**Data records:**
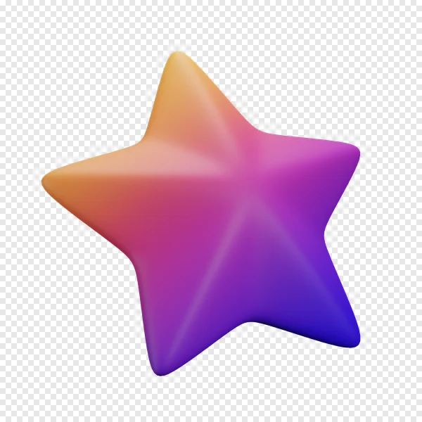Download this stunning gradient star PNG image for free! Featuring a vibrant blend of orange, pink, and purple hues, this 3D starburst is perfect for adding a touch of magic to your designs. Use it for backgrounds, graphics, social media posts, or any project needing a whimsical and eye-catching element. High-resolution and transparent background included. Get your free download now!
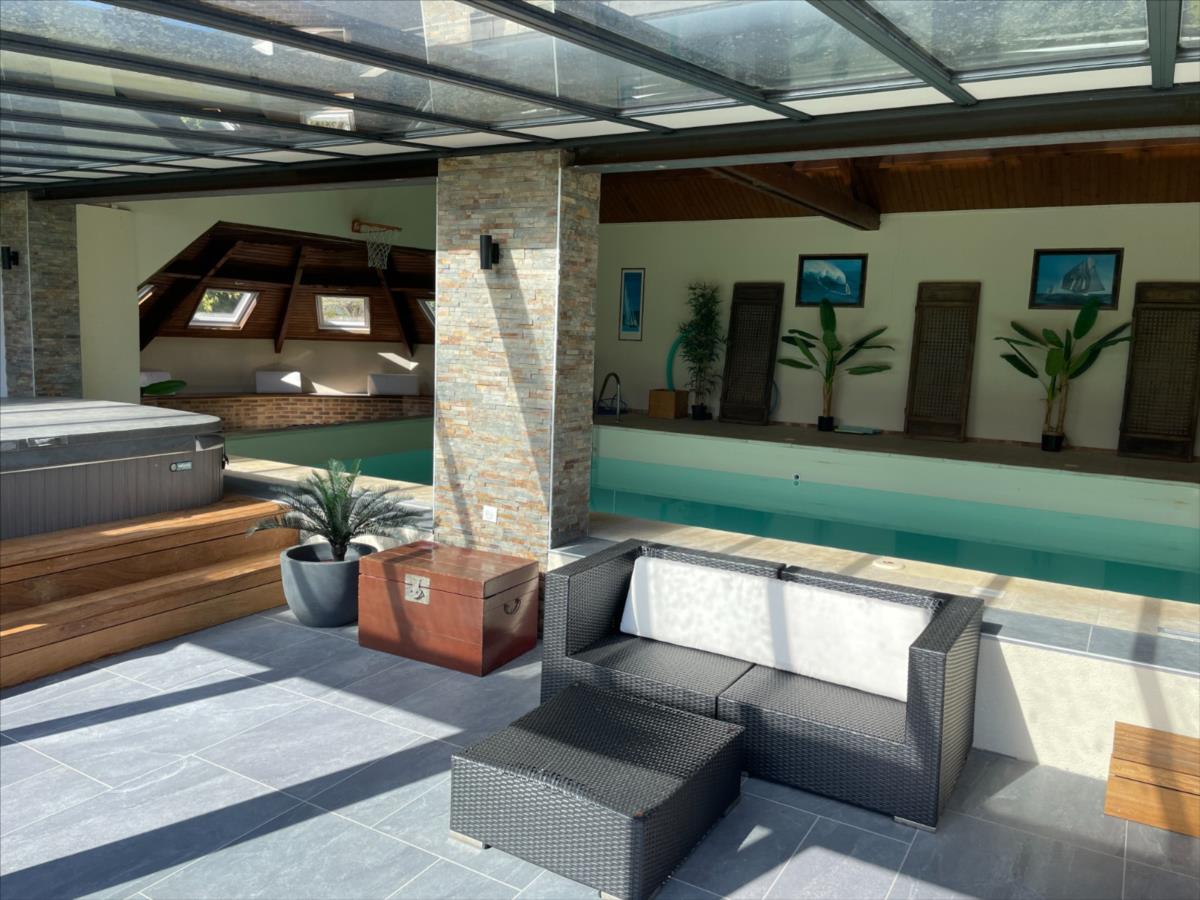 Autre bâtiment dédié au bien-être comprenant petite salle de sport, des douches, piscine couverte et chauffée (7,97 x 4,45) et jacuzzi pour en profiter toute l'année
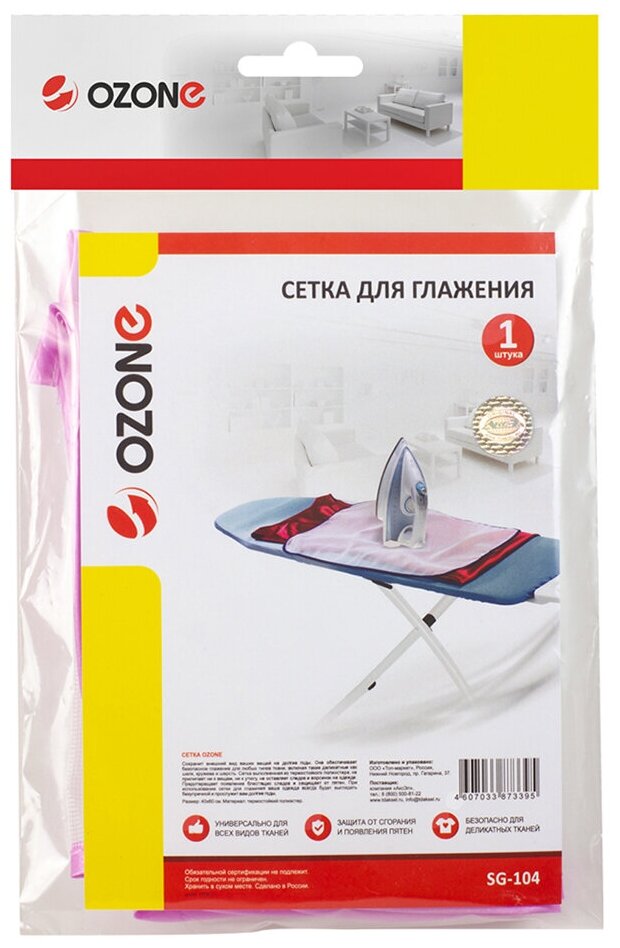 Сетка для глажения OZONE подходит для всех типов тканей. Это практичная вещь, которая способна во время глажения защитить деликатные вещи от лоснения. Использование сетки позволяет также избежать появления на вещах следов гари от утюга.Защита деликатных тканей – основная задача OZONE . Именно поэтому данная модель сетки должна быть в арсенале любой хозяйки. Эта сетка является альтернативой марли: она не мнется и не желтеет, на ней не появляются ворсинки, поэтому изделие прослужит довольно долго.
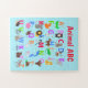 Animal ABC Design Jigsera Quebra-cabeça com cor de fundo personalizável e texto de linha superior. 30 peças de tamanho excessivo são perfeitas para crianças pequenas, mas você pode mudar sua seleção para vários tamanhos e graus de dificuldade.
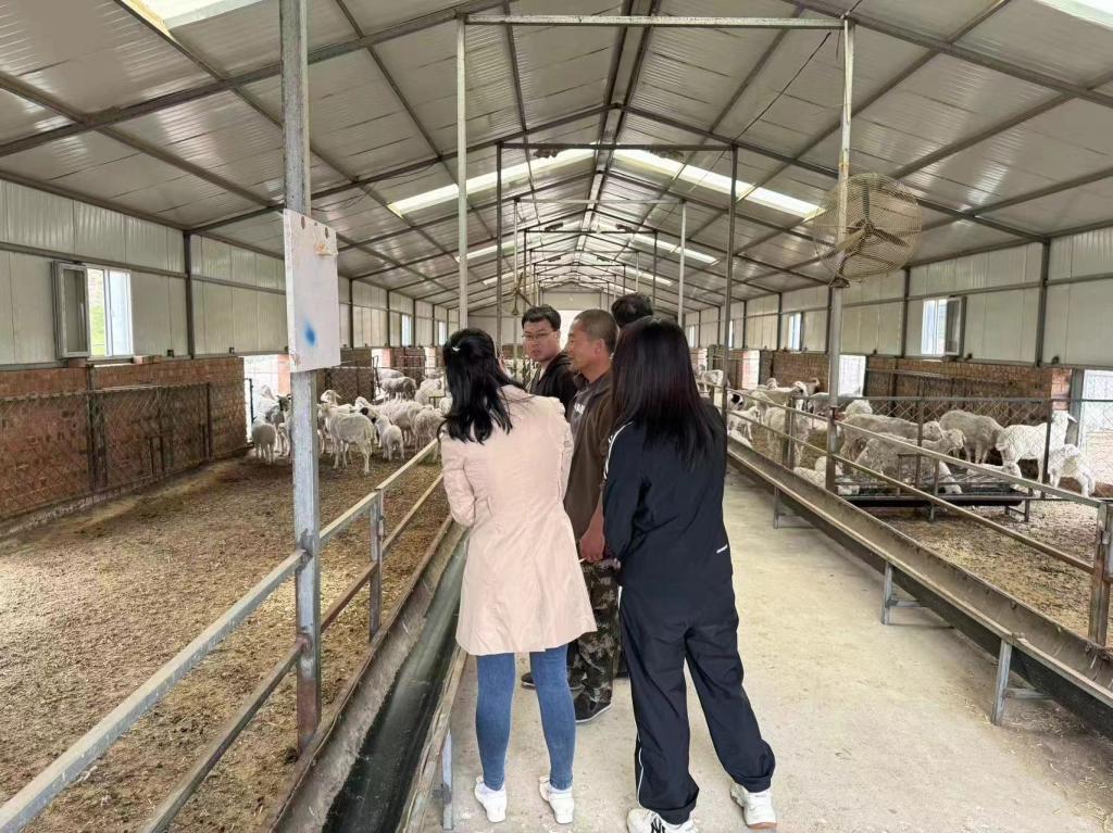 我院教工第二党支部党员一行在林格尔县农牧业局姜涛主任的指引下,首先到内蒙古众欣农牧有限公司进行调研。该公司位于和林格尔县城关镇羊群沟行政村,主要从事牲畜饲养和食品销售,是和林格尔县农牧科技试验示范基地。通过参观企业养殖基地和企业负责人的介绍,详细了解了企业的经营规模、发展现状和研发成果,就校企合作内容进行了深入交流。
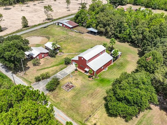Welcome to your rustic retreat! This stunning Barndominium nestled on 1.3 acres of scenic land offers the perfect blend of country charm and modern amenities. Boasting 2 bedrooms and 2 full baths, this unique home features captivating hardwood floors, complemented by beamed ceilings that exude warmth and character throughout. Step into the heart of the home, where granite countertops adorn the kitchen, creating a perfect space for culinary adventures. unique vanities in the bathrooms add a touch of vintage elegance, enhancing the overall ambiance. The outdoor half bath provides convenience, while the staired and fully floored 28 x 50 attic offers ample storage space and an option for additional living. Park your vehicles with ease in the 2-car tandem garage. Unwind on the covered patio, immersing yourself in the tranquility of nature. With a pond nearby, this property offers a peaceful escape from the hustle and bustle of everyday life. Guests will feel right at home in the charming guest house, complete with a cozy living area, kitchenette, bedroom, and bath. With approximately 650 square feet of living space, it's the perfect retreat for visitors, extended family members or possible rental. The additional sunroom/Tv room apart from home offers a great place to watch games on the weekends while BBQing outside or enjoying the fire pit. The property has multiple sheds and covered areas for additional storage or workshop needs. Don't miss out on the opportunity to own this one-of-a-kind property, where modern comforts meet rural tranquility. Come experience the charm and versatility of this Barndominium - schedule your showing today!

**What you will do:**
Copy only the lines above from the one containing "Animal ABC Design" through the one containing "我院教工第二党支部党员一行在", both included. Leave out the pictures.

**Exercise result:**
 Animal ABC Design Jigsera Quebra-cabeça com cor de fundo personalizável e texto de linha superior. 30 peças de tamanho excessivo são perfeitas para crianças pequenas, mas você pode mudar sua seleção para vários tamanhos e graus de dificuldade.
 我院教工第二党支部党员一行在林格尔县农牧业局姜涛主任的指引下,首先到内蒙古众欣农牧有限公司进行调研。该公司位于和林格尔县城关镇羊群沟行政村,主要从事牲畜饲养和食品销售,是和林格尔县农牧科技试验示范基地。通过参观企业养殖基地和企业负责人的介绍,详细了解了企业的经营规模、发展现状和研发成果,就校企合作内容进行了深入交流。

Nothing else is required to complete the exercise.